Segunda-feira, 8 de Outubro de 2012

Por semana: Sessenta corpos são enterrados na vala comum no 'Lhanguene'

Está a aumentar o número de corpos que diariamente são enterrados na vala comum do Cemitério de Lhanguene, na cidade de Maputo, alegadamente por não terem sido reclamados pelos respectivos familiares.

Semanalmente, pelo menos 60 corpos recolhidos nas morgues das unidades sanitárias da capital são enterrados na vala comum, segundo dados da administração do cemitério de Lhanguene.

Florentino Ferreira, vereador para Salubridade e Cemitérios no Conselho Municipal de Maputo, é citado pelo jornal Notícias a dizer que o aumento do número de corpos que vão à vala comum resulta das mortes de indigentes e portadores de deficiência mental na via pública.
Ferreira, que falava há dias em Maputo, disse que este fenómeno já está a reduzir a disponibilidade de espaços também para este tipo de enterros.

Afirmou que o Município já está a trabalhar para encontrar uma solução para o problema, bem como continuar a sensibilizar as comunidades para assumirem a sua responsabilidade em relação aos parentes em convalescença.

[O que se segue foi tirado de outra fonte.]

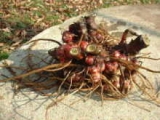 ヤーコン ですアンデス高地を原産とするキク科の植物ですサツマイモのような根の部分は食用となり、サクサクとした歯ごたえは甘味のある大根といった感じです11月頃からスーパーなどで「ヤーコン」を見かけるようになりますヤーコンはサツマイモのような形色をしていますが、皮をむくと白くてみずみずしいアクがありますが、生食もでき、味はナシのような甘みがありシャキシャキしていますイモ類のイメージとは全く違う食感に驚きますこれは、水分とフラクトオリゴ糖からなるためですフラクトオリゴ糖は、整腸作用やコレステロール、中性脂肪の低下が期待できるそうです 効 能ヤーコンは、漬物やキンピラがお勧め!すったヤーコンとオレンジジュースを合わせてもおいしいですぜひ、お試しください 【ライフサロン三鷹店】おもしろい野菜「ヤーコン」より参照成人病の予防 血糖値 血圧の気になる方に さらに血中コレステロールも低下させ、脂質代謝を改善することで動脈硬化や高血圧など成人病の防止に効果的ですまた、甘味はあっても消化吸収されないため低カロリー食品としてダイエットにもなります また、ポリフェノールの含有量も抜群ですポリフェノールをたくさんん摂取することにより体内の活性酸素を除去し老化を抑えてくれるのです動脈硬化 老人性痴呆症 脳梗塞 リウマチ性疾患 心筋梗塞痛風 糖尿病 ガンの予防などにも効果が見られます体の健康が気になる方やシミやソバカス、老化による美容が気になる人にもポリフェノールはおすすめです食べ方いろいろ自家用にお茶も作ってみましたヤーコンの葉を陰干して手でもみ、紅茶やウーロン茶とブレンドすると飲みやすいようです若葉を天ぷらにしても良いと聞いています生芋は洗うときワイヤーブラシでこすると表面の皮がむけて、無駄が少ないと思います千切りにして人参やピーマンなど色合いの良いものと合わせ、キンピラにすると色合いもよくおいしいですまた、人参、ヤーコン、じゃこでかき揚にしてみたら、好評でした味噌汁、ぬか漬等、工夫次第で用途は多彩です甘味があるので砂糖は加えずに調理するのが無難ですしゃきしゃきとした歯ごたえを生かせる料理であれば、多様な献立に応用できます 栽培方法 当農園は 完全無農薬 有機栽培春の暖かさを感じるころがヤーコン植え付けの時期になります あまり早く植えて遅霜にかかっても被害がでてしまいます 植え付けはヤーコンの株から芽を23芽単位に切り分けて45cmの深さに植えますそれには次の二つの方法があります① ビニールハウス等に3月下旬4月初旬ころポット植えし4月下旬に本植えする② 遅霜のおそれがなくなったころ 最初から畑に直接植える注意点日当たりの良い場所を選ぶ連作でも良いとされているが 長年の連作は避けた方が良い、畝は芋を掘りやすくするため高くする 畝の間隔は草丈が大きくなることを考えて 幅90cm以上とし 植える間隔は50以上とする 夏の草取りは重労働なので7月頃までは マルチングするとよい 肥料は堆肥をいれ有機肥料で育てたい、 8月から9月初めに追肥を施す霜の降りない11月初めのうちにお茶にする葉の収穫をする続いて芋の収穫をする (掘るときは道具を使うと痛めてしまうので引き抜いた方が良い)サツマイモと同じ要領で畑に穴を掘り 芋 種芽を保存する以上ですが、いかがですか?今年の作物のリストに入りますか? 老人性痴呆症に聞くのならそろそろ必要になりそうなので植えてみようかな 購入先は サカタのタネ オンラインショップにて 販売価格 ¥1,800(税込) 植えつけ時期 45月 送料 ¥400 お届け 9cmポット 友の会割引 友の会割引対象 耐寒性 弱 注文締切 2012年04月20日 収穫時期 1011月 お届け時期 2012年5月上中旬 日照 日なた とありました、参考にしてください 続きを見る

A fonte explicou que uma das medidas adoptadas pelo município para conter o crescente número de corpos sepultados na vala comum é promover o uso de crematório, uma alternativa que a pouco e pouco está a ganhar espaço na sociedade moçambicana.

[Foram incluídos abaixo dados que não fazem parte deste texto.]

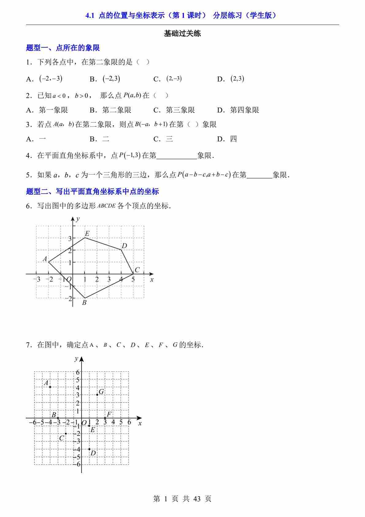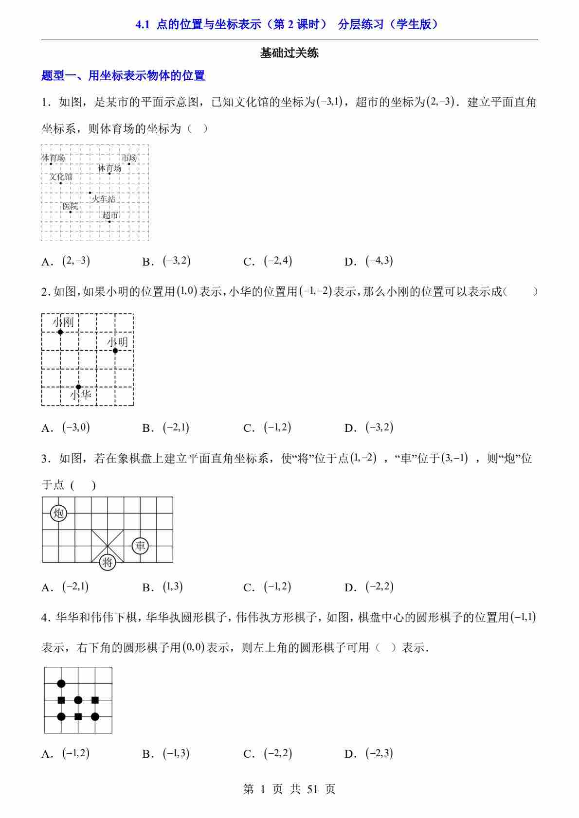 4.1 点的位置与坐标表示 第1课时(分层练习)

“Temos um crematório no cemitério de Lhanguene, mas o seu uso é feito com frequência pela comunidade Hindu da nossa cidade. Mas o que queremos é reduzir o número de corpos que são levados à vala comum”, referiu Ferreira, segundo o qual a ideia do Município é promover o crematório.

Acrescentou que o Conselho Municipal já está a fazer a prospecção para se obter preços de fornos crematórios que possam ser acessíveis para a sua instalação no novo cemitério de Michafutene para evitar transportar alguns óbitos do “Lhanguene”.
“Vamos manter os serviços da vala comum e o crematório no cemitério de Lhanguene e no Michafutene não vamos abrir vala comum, mas sim um forno crematório”, explicou o vereador.

Diariamente, são realizados no “Lhanguene” entre 35 e 40 funerais, números que são alcançados graças ao esforço que a Edilidade tem efectuado para continuar a garantir a operacionalidade dos serviços funerários.